AIの進歩でフェイク・ニュースを作りやすく、また見分けにくくなっている(Pixabayからの画像)

必要なのは関係者間の連携とデータへのアクセス改善だ。

 昨年夏にハワイを襲った山火事は米軍が秘密裏に開発している「天候兵器」の試験で始まったとか、米国の非政府組織(NGO)がアフリカでデング熱を蔓延させているといったことをご存じだろうか。

 あるいは、ウクライナ大統領夫人のオレーナ・ゼレンシカ氏がニューヨーク・マンハッタンの五番街で計110万ドルもの爆買いをしたことはどうだろう。

 あるいは、インドのナレンドラ・モディ首相への支持を新曲のなかで表明した歌手がおり、その名はマヘンドラ・カプール(2008年没)だという話を聞いたことはあるだろうか。

民主主義を脅かす偽情報の蔓延

 もちろん、これらはすべてデタラメだ。

 人をだますために作られた「偽情報」の例だということだ。今日ではこのような荒唐無稽な話が、ますます高度になっていく情報操作活動によって世界中にばらまかれている。

 不気味なほど信憑性のある写真や動画、音声が、人工知能(AI)を利用した最新のツールやソーシャルメディア・アカウントの複雑なネットワークで制作・共有され、事実と作り話を区別しにくくしている。
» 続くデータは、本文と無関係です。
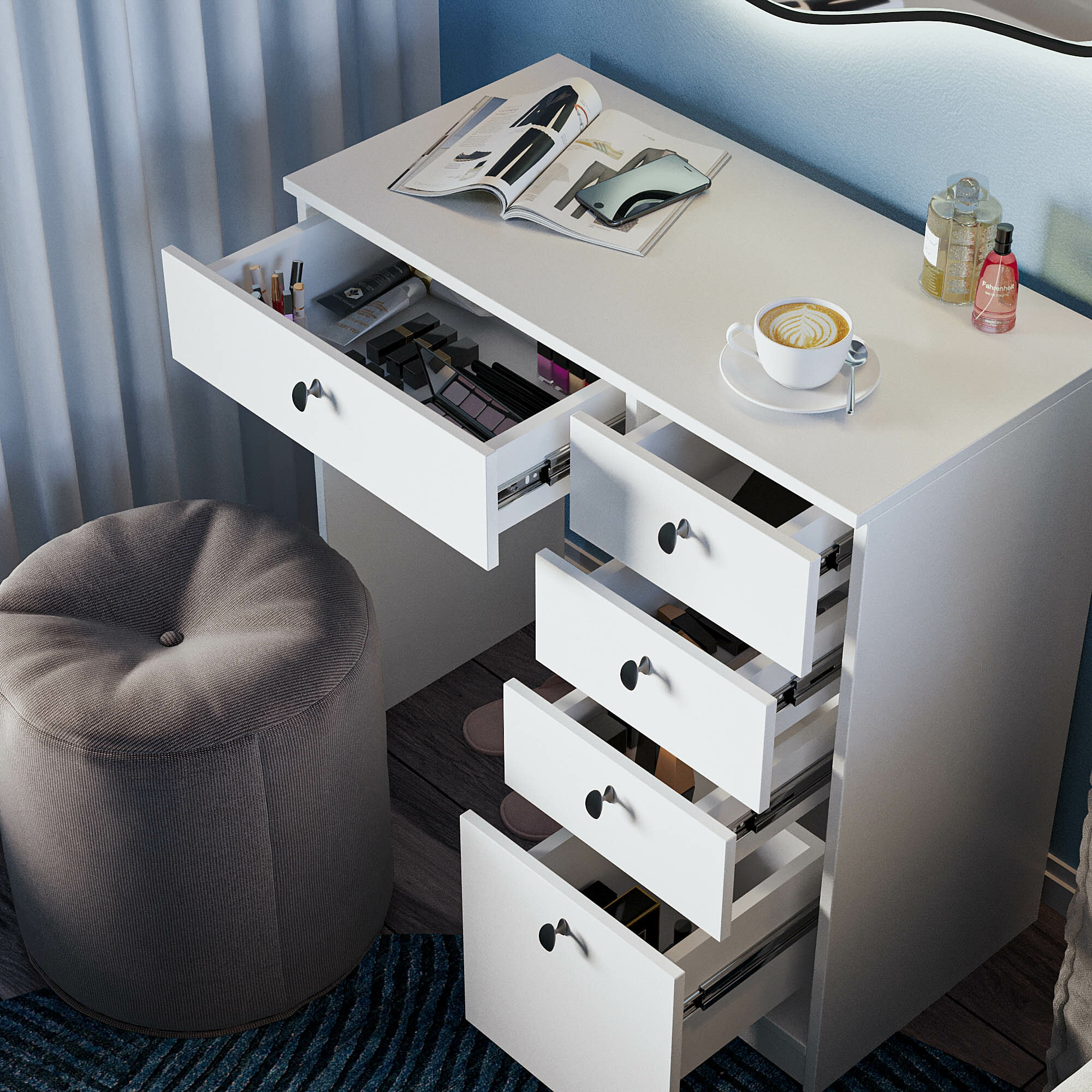 Туалетный столик GRIMSTOL 8-БШ для спальни, белый, 5 ящиков для косметики, 100 см

 今年は世界の半分で国政選挙が行われる年であるだけに、テクノロジーのせいで偽情報が手に負えなくなり、民主主義が攻撃を受けて再起不能になってしまうのではないかとの懸念がなおいっそう強まっている。

 この問題は、果たしてどの程度懸念すべきなのだろうか。

 偽情報の歴史は、2者による口論と同じくらい古い。

 例えば、古代エジプトに君臨したラメセス2世は紀元前1274年のカデシュの戦いに勝たなかった。引き分けと呼ぶのがせいぜいだった。

 だが、本人が勝利を記念して建てたモニュメントからは、そんなことは誰にも推測できないだろう。

 また、古代ローマの将軍だったカエサルによるガリア戦争の記述は、歴史書であるのと同じくらい政治的プロパガンダでもある。

 印刷技術が発明されても事態は改善しなかった。

 イングランドが内乱に陥った1640年代には言論統制が機能しなくなり、「下品な作り話の小冊子」に対する懸念が強まった。

 インターネットのせいで問題は大幅に悪化している。

 ソーシャルメディアを使えば事実に反する情報を低コストでばらまくことができるし、AIの登場でそういった情報の制作も安価にできるようになった。